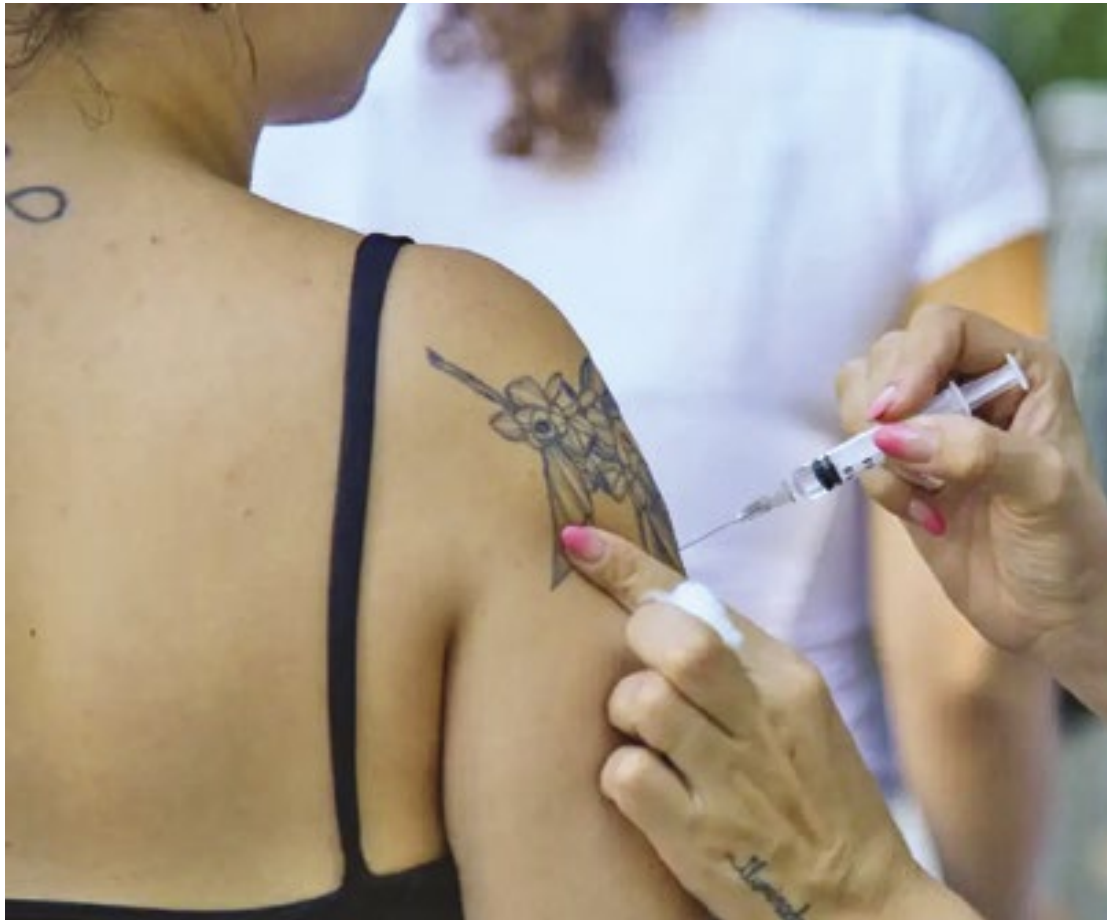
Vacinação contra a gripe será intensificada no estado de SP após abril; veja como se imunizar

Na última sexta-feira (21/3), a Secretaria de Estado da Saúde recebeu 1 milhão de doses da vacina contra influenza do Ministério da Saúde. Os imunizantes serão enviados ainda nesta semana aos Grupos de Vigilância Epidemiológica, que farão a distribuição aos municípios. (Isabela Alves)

▬▬▬

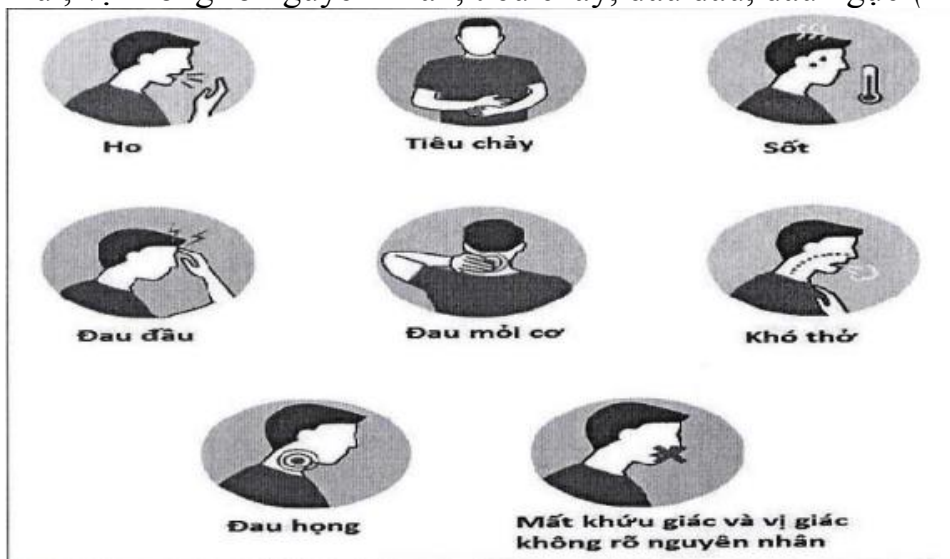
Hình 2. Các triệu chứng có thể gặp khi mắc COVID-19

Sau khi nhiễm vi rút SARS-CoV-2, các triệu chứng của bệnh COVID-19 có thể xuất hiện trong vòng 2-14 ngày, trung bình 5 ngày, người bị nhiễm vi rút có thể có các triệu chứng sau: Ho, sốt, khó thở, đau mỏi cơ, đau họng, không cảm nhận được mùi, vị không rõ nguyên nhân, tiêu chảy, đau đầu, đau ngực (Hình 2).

▬▬▬

From the entries above, print the lines beginning at the one with "Hình 2. Các" and stopping after the one with "Sau khi nhiễm", exactly as written and with nothing else.

Hình 2. Các triệu chứng có thể gặp khi mắc COVID-19

Sau khi nhiễm vi rút SARS-CoV-2, các triệu chứng của bệnh COVID-19 có thể xuất hiện trong vòng 2-14 ngày, trung bình 5 ngày, người bị nhiễm vi rút có thể có các triệu chứng sau: Ho, sốt, khó thở, đau mỏi cơ, đau họng, không cảm nhận được mùi, vị không rõ nguyên nhân, tiêu chảy, đau đầu, đau ngực (Hình 2).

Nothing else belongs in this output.